«Идите, — сказал генерал. — Там никого нет».
Вега шёл первым и дошёл до самых до звёзд.
Отработали «Грады». Привет.
И вот эта земля пропитана нами.
В длину на два метра и на два метра внутрь.
И чего вы скажете нам такого, что мы не знали?
Мы идём вперёд. Не пробуйте развернуть.
«Сказали: не говори — баба…»
Сказали: не говори — баба.
Плохое, некрасивое слово.
Но любым другим меня обозначить — сла́бо.
Я же не девка, замужем была, чего тут такого.
Я же рыдала, когда муж уходил на войну.
Я же его ждала, готовила щи-борщи,
Какая из меня леди или там фрау, ну.
Плачь. Снаряжай. Корми. И молчи.
Я русская баба, плачущая о каждом,
Кто не вернулся. Воющая в подушку.
Бесплодная баба, что навеки однажды
Кончится — и кто помолится за мою душу.
Нет, я была поэтессой из Ленинграда.
Шляпка, мундштук, открытые платья.
Я до сих пор сыграю так, если надо.
Но я — русская баба, всехняя мать я.
Коли не подвезли другого мужа и сына,
То вы, двадцатилетние, мои дети.
Слёзы капают на копьё, такая судьбина.
Не худшая, в общем, на свете.
«Серёга из Москвы вообще приехал…»
Серёга из Москвы вообще приехал.
Всё время ржёт, да так, что будит эхо,
На стареньком раздолбанном УАЗе.
Нам нужно всем — полёт и чуть тепла.
Серёга возится с БПЛА.
Считай, мечта сбылась, хотя не сразу.
Хотел летать — и вот почти летит.
Мы память здесь. Мы камень. Мы гранит.
Пока их помнят — не случится смерти.
А впрочем, всё я вру, и вы не верьте,
Она случится с каждым. Это быт.
Серёга ржёт, Утёсова врубая,
И он любой, и я почти любая,
Мы кровь земли, и мы её же твердь.
Иди ты на х**, грёбаная смерть.
«Не смейся, тётя, сделай фотоснимок…»
Не смейся, тётя, сделай фотоснимок,
как мальчик во дворе играет в мяч,
и августовский воздух так горяч,
прозрачен так невыносимо.
И целый дом, не раненный ещё,
трепещет занавесками на окнах.
Снимай: оно так скоро всё поблекнет,
и время начало уже отсчёт.
И через восемь лет его я встречу —
подросшего мальчишку без мяча,
но с автоматом — там, где, рокоча,
подходит артиллерии предтеча.
Он будет там, с котёнком на руках,
с улыбчивыми полными губами,
уже не мальчик, но ещё не камень,
уже бесстрашный — но познавший страх.
Снимай же, тётя, — а теперь и я
затвором щёлкну фотоаппарата,
поскольку смерть из мира не изъята,
но в вечности останутся друзья.
«Я умереть боюсь…»
Я умереть боюсь,
Как тоненькая вишня во дворе,
Как списанный на землю аппарат «Союз»,
Как травы в ноябре.
И говорю: запомни, затаи,
Люби меня в моём убогом быте.
И мёртвые солдатики мои —
И вы живите.
Я режу хлеб — и смерти не хочу,
Салат крошу — и смерти не хочу.
Черешню ем — и смерти не хочу,
Несу цветы — и смерти не хочу.
А смерть настанет, на меня наступит,
Ногой огромной на меня наступит,
На маму, на кота, на чёрта в ступе.
Но нынче яблони цветут,
Как небо на закате, бледно-розовым.
И скоро лето будет тут
С вареньем абрикосовым.
«Из меня не получится хорошего русского…»

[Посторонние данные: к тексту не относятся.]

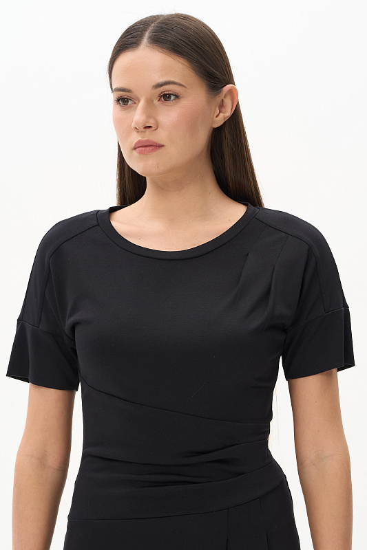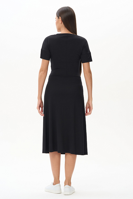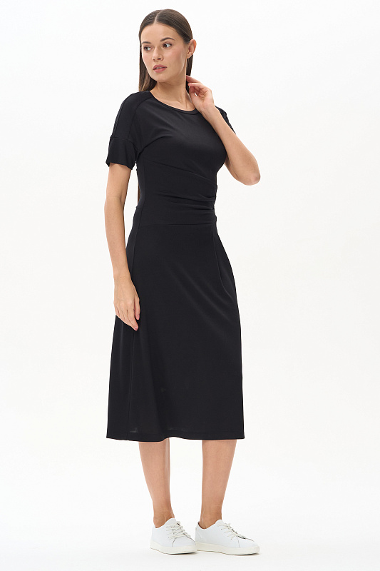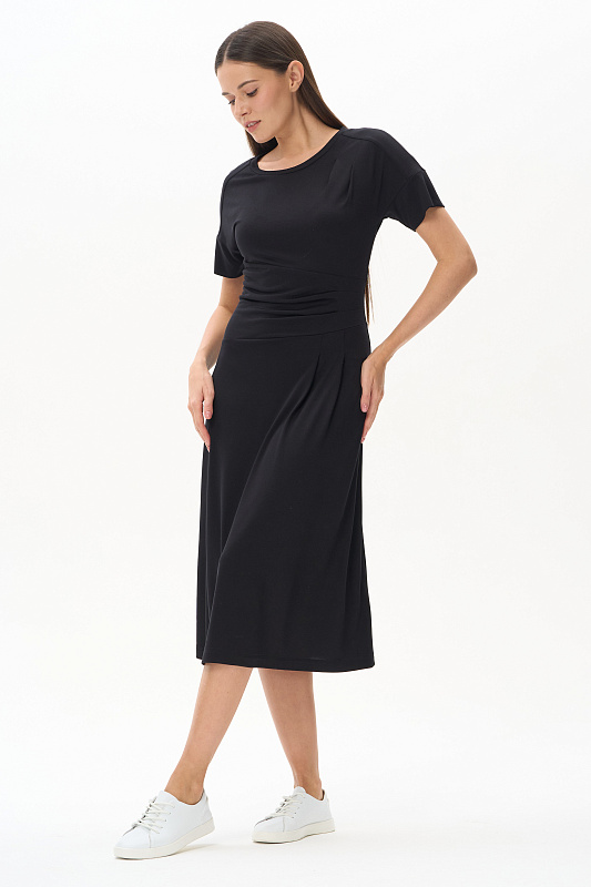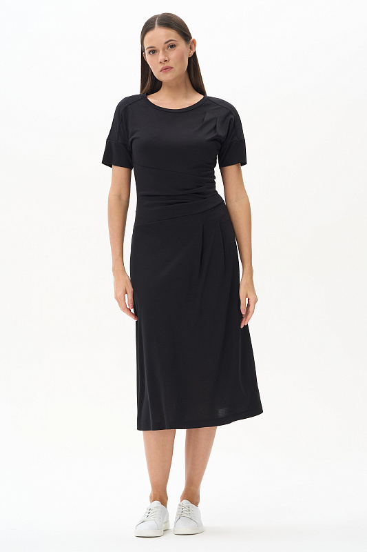 Платье из модала новой конструкции с ассиметричным решением. Спереди пояс-драпировка корректирует и скрывает животик, сзади отрезная талия. Рукава с погонами, длина корректируется отворотом. Идеальная модель на верхний и нижний тип фигуры.

Из меня не получится хорошего русского.
Вообще ничего хорошего.
Мчит машина, бьётся из окон музыка,
По луганским дорогам изношенным.
Едем с пацанами в форме, совсем молодыми,
Между боевыми и боевыми,
И вроде как смерти нет, и июнем веет.
Никогда не любила лицо своё, не любила имя,
Но, пожалуй, нашла что-то важнее.
Двадцать седьмое мая, холмы, отроги,
Отзвук ястребиного крика.
Бьёт на выход гаубица «Гвоздика».
Это я, это Аничка, следы на луганской дороге,
Цветущая у неё земляника.
«В город пришла война…»
В город пришла война.
В город ложатся мины.
В городе разорвало водопровод,
и течёт вода мутным потоком длинным,
и людская кровь, с ней смешиваясь, течёт.
А Серёга — не воин и не герой.
Серёга — обычный парень.
Просто делает свою работу, чинит водопровод.
Под обстрелом, под жарким и душным паром.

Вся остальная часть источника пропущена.